Ahmed Ahmed's Middle Eastern Comedy Adventure
A few years ago, Albert Brooks went Looking for Comedy in the Muslim World.
With Just Like Us, Ahmed Ahmed found it.
The documentary – of a tour of Middle Eastern countries by Ahmed and a group of other Arab-American comedians (and comics of other ethnicities) – opens Friday (6/10/11) in New York and elsewhere before going wider. For Ahmed, it was a chance to document the experience he’d had at a performance in Dubai.
“I was hired to do a private show in Dubai, to raise money to put Palestinian kids through medical school – and the audience was 500 of the wealthiest Arabs I’d ever seen,” says the 40-year-old Egyptian-American comedian. “I met a producer for Showtime Arabia and he said we should do a public show. Could we do it legally? Well, no.
“I have a friend there who owns a loft. So we sent out, like, 20 or 30 emails announcing the show – and 48 hours later, 500 people showed up. They were mostly 18-to-30-year-olds, smoking, drinking, wearing Gucci and Prada. It was the modern generation at this offbeat, makeshift show. And I thought, well, if 500 people showed up from a few emails, what would happen if we did it properly?”
That led to a tour Ahmed called “The Axis of Evil Tour,” which he taped and which became a hit on Comedy Central. So Ahmed put together another tour – featuring himself and comics like Maz Jobrani, Omid Djalili, Tom Papa and Tommy Davidson – and took a pair of cameras along.
The result was Just Like Us, part comedy performance, equal parts cultural exchange. As Ahmed and company go from Dubai (heavy censorship) to Lebanon (no censorship) to Egypt and Saudi Arabia, they explore the nature of comedy and the way Americans look at both Arabs and Muslims (as well as why they often conflate the two).
As the film’s director and co-producer – as well as star – Ahmed has his hands full with the film’s release: “I feel like a traveling businessman,” he says.
“Sometimes I find myself being more of a producer than a comic. But comedy keeps the lights on, by definition. I tried to be an actor for seven years and I made a living playing terrorists and taxi drivers. I got frustrated when my agent said, ‘Unless you change your name, you’ll only ever play Arab roles.’ When I said, ‘Well, what should I change it to?’, she said, ‘How about Rick?’ And that wasn’t happening.
“I ran out of money and started waiting tables and that’s how I found stand-up. I had to make the customers laugh because the food at the restaurant where I was working wasn’t that great.”
As he put together the tours for “Axis of Evil” and “Just Like Us,” Ahmed found that free speech was a uniquely American ideal. Elsewhere, more control was exerted over what he and his cohort could and couldn’t say.

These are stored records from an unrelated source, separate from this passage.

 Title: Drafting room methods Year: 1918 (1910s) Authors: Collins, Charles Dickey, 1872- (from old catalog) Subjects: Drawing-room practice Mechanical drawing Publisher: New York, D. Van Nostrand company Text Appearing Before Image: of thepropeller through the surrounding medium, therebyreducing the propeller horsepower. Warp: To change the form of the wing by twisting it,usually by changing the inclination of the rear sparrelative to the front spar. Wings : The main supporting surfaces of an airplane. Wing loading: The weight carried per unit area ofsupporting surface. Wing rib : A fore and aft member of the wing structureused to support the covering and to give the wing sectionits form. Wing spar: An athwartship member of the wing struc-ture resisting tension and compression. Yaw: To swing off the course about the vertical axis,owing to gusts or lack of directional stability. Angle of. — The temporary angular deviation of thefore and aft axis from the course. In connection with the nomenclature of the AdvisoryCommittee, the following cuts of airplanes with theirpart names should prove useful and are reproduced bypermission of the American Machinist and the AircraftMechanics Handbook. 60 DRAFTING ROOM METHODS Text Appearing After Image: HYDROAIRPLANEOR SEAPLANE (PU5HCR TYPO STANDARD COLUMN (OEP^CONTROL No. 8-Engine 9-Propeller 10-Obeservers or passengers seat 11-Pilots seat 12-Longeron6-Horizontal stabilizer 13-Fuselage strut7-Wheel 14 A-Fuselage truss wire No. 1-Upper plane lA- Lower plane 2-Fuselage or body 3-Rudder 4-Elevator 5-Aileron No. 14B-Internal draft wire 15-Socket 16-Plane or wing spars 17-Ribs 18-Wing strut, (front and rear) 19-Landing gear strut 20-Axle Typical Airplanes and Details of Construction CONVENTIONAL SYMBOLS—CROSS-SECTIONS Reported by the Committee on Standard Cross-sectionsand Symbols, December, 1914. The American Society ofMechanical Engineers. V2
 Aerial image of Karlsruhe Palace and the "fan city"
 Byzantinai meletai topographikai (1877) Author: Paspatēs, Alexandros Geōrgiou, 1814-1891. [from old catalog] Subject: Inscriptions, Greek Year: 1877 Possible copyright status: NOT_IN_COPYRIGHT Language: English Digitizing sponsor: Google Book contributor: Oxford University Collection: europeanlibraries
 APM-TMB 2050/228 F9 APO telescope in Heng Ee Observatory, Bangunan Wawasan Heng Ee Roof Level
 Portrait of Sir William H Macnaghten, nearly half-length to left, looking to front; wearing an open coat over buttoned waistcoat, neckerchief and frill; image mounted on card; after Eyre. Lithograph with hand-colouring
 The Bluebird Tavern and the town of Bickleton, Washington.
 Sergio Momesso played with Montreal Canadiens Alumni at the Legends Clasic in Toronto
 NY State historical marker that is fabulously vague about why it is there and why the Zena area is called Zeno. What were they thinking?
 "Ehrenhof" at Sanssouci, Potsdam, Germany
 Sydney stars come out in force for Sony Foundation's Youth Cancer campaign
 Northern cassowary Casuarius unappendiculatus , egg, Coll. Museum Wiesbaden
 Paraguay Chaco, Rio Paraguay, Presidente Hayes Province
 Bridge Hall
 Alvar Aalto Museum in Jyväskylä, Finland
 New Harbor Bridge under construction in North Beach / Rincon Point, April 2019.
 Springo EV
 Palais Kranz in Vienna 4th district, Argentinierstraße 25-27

“Some countries made us type out our act and then would translate it into Arabic,” he says. “Then they’d say, ‘We don’t understand – there’s nothing funny here.’ When we went to Kuwait, they said, ‘Don’t touch sexuality, religion or politics.’ It’s like – what else is there? In Dubai, they told us we couldn’t say ‘fuck’ – and eventually we negotiated our way up to two ‘fucks’ apiece. And then they said, ‘No – no ‘fuck.’’ Then we got to Beirut and it was ‘Say whatever you want.’”
Ahmed grew up in Riverside, Calif., where he remembers being “the only Arab family in the neighborhood. We were like ‘The Munsters’ – except our house smelled of garlic and cumin. My friends were always mystified by the weird spices – and the fact that we had no symbols of Christmas.
“Plus my family only ate Halal food – and there was no place that sold it. So once a week, my father would load up the station wagon with livestock and bring it home. At 5 every afternoon, my mother and father would come out and butcher whatever we were having for dinner. The kids in the neighborhood would come over and play with the animals. And it would be, like, ‘What happened to the rabbit you had yesterday?’ ‘Oh, we ate it.’”
One reason Ahmed made “Just Like Us” was to show that, in fact, there is comedy in the Muslim world – a fact that seems to continue to escape Hollywood.
“Hollywood is still very unforgiving when it comes to racial stereotypes,” he says. “You never see a funny or likable Arab in a movie or TV show. You rarely see a humanized Arab on the news channels.
“Still, at the end of the day, it’s not Hollywood’s fault. It’s our responsibility to tell our own stories. The Arab world has money – they should stop investing in minimalls and send checks to my production company!”